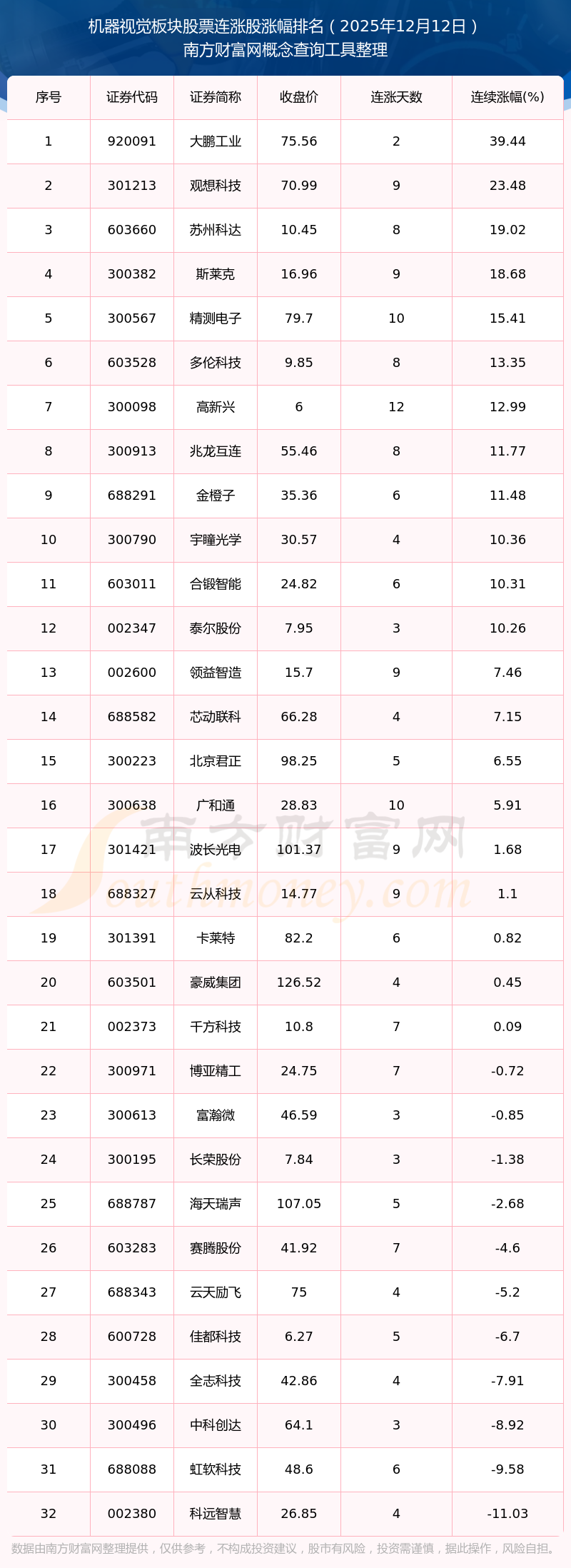 2025年12月12日机器视觉板块股票连涨股涨幅排名
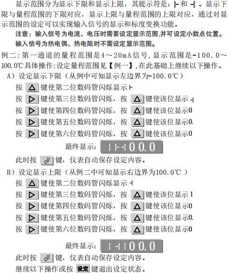 例三:**通道的量程范圍是4~20mA信號,顯現(xiàn)范圍是-100.0~100.0℃ 記載范圍是0.0~150.0℃。
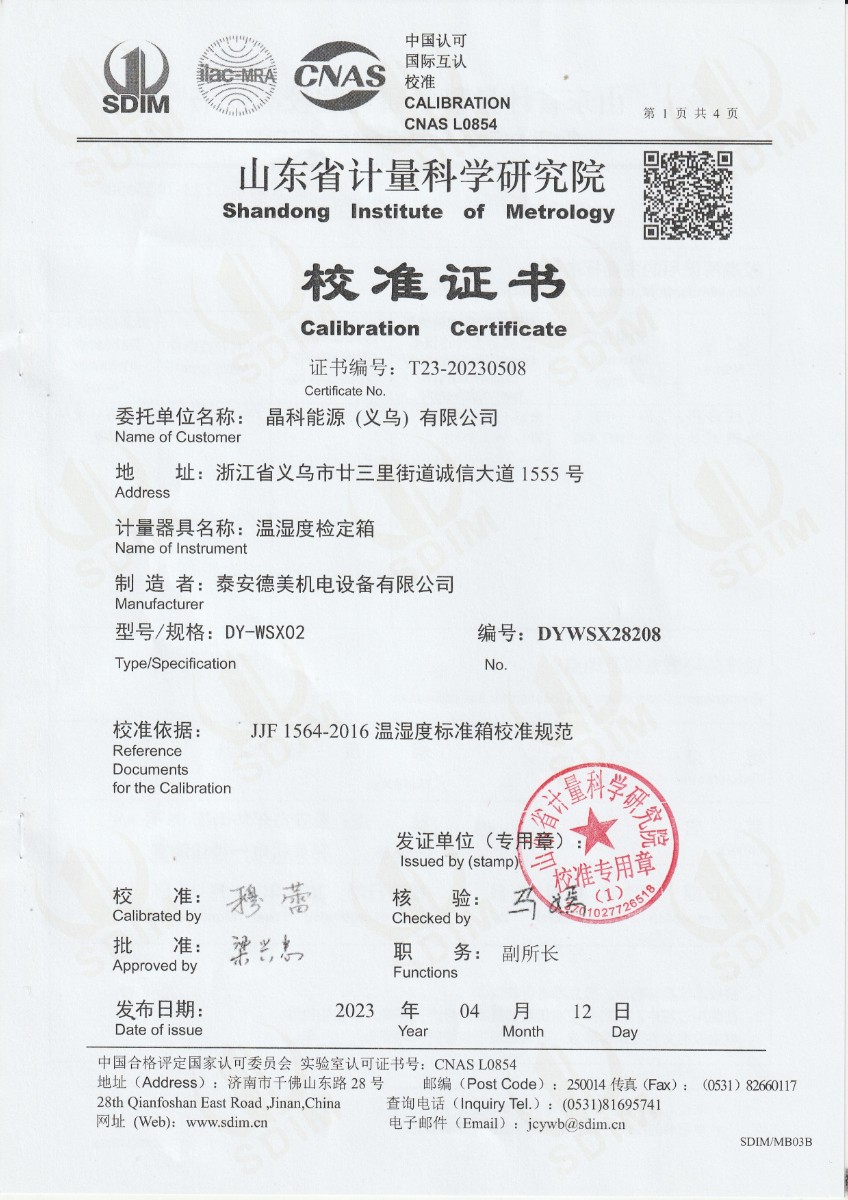 | 上一條:晶科能源(義烏)有限公司 精密露點(diǎn)儀(溫度)校準(zhǔn)證書 | 下一條:廉金屬熱電偶檢定爐-校準(zhǔn)證書 |
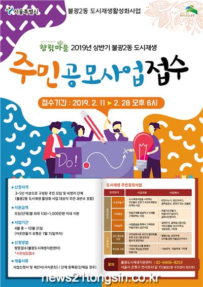 공모사업 지원서 접수는 2월 28일(목)까지 가능하며, 불광도시재생지원센터에 직접 방문하여 신청 서류를 제출하면 된다. 기타 자세한 사항은 주거재생과(☎351-8543)나 불광도시재생지원센터(☎6406-8253)에 문의하면 된다.

[What is needed]: For the data above, return an exact copy that contains no pictures.

[Solved exercise]:
 2025年12月12日机器视觉板块股票连涨股涨幅排名
 例三:**通道的量程范圍是4~20mA信號,顯現(xiàn)范圍是-100.0~100.0℃ 記載范圍是0.0~150.0℃。
 | 上一條:晶科能源(義烏)有限公司 精密露點(diǎn)儀(溫度)校準(zhǔn)證書 | 下一條:廉金屬熱電偶檢定爐-校準(zhǔn)證書 |
 공모사업 지원서 접수는 2월 28일(목)까지 가능하며, 불광도시재생지원센터에 직접 방문하여 신청 서류를 제출하면 된다. 기타 자세한 사항은 주거재생과(☎351-8543)나 불광도시재생지원센터(☎6406-8253)에 문의하면 된다.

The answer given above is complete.